Bug#692529: ITP: gateone -- HTML5 web-based terminal emulator and ssh client

[Daniel McDougall <daniel.mcdougall@liftoffsoftware.com>]

> I quickly browsed around a bit. The killall() function in
> gateone/utils.py looks kind of scary. It seems to kill all processes
> that contain python and gateone.py in their name. This should match
> "emacs -nw python.txt gateone.py" and might be a mild security issue
> too:
>
>             for session in sessions:
>                 if session in cmdline:
>                     try:
>                         os.kill(pid, signal.SIGTERM)
>                     except OSError:
>                         pass # PID is already dead--great
>                 elif 'python' in cmdline:
>                     if 'gateone.py' in cmdline:
>                         try:
>                             os.kill(pid, signal.SIGTERM)
>                         except OSError:
>                             pass # PID is already dead--great
> Perhaps gateone could use cgroups?

I am the author of Gate One.  You know what would be great?  If you reported this issue!  ;)

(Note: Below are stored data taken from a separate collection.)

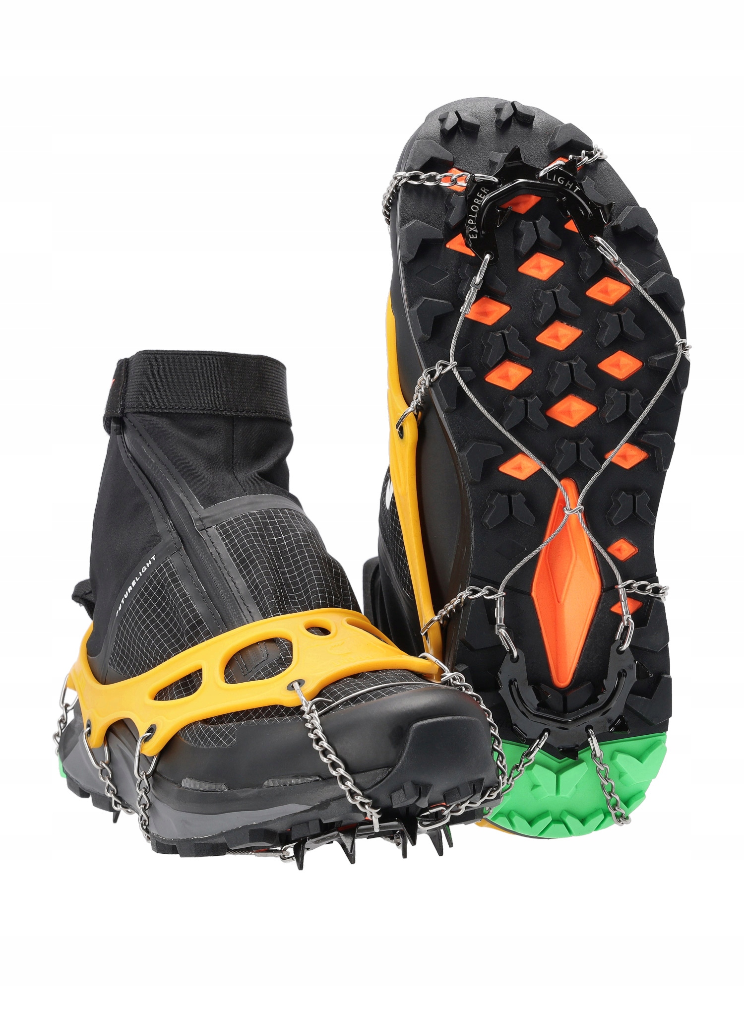 Похідні люльки Grivel Explorer добре працюватимуть на слизькій місцевості. Ви можете використовувати їх як на льоду, так і в грязі. Відповідна форма гуми ідеально адаптується практично до будь-якого взуття, а 14 сталевих зубів, покритих антикорозійним покриттям, забезпечують стабільність кожної сходинки. Весь вирізняється дуже низькою вагою від 196 г (S) до 208 г (XL). До ручок додається чохол, що закривається на блискавку, який не займе багато місця в рюкзаку та захистить аксесуари, що містяться в ньому, від можливого пошкодження.
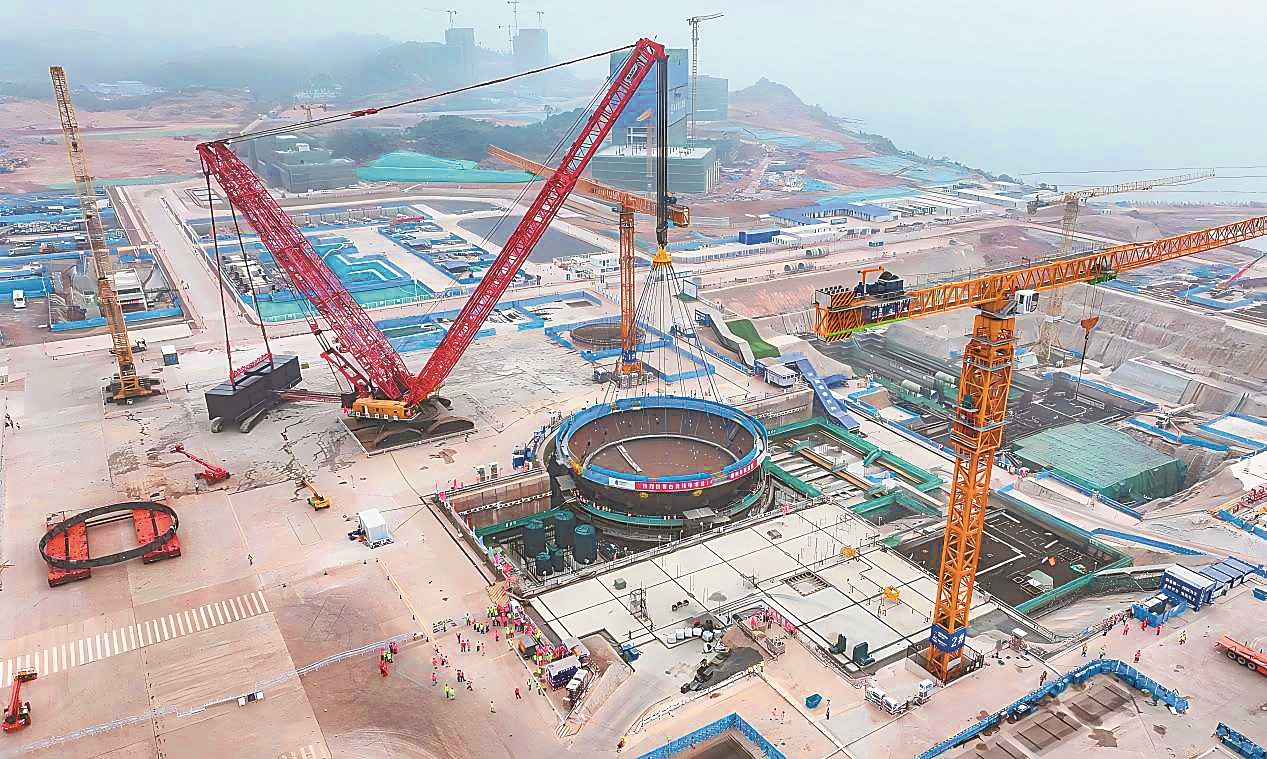 2月6日11时37分,广西白龙核电1号机组核岛钢制安全壳底封头吊装就位。韦程彬 摄
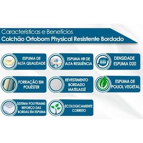Dimensões(Cm): Comprimento(Profundidade): 188cm x Largura: 138cm x Altura: 20cm Vantagens Extras de Colchão - Ecologicamente Correto - c/ Sistema Polyframe Tecido com Tratamento do Colchão - AntiÁcaro e AntiFungo Bordado do Revestimento do Colchão - Matelassê Forração Revestimento do Colchão - Poliéster Tecido de Revestimento da Faixa Lateral do Colchão - Poliéster Camadas Interna do Estofamento de Espuma do Colchão - Alta Qualidade - HR de Alta Resiliência Tipo de Espuma do Colchão - Espuma de Poliol Vegetal Densidade da Espuma do Colchão - 20 Nível de Firmeza do Colchão - Macio c/ Firmeza Peso Máximo Suportado do Colchão - 60 kg Certificação de Qualidade do Colchão - Qualidade Aprovada - INMETRO - Ecologicamente Correto Nossa Avaliação do Colchão - Qualidade Muito Boa Tempo de Garantia do Colchão - 3 meses

I just pushed a commit to the Github repo (https://github.com/liftoff/GateOne) to make the killall function a _lot_ more explicit.  However, like you said it probably wouldn't have been much of an issue in the real world (no reports of, "gateone.py killed my emacs session!" yet =).

I'll see if I can make a 1.2 or 1.1.1 release soon with the fix included.

Please let me know if you encounter anything else like this.  Also, it doesn't hurt to open an issue in the tracker (next time =):  https://github.com/liftoff/GateOne/issues

-- 
Dan McDougall - Chief Executive Officer and Developer
Liftoff Software ✈ Your flight to the cloud is now boarding.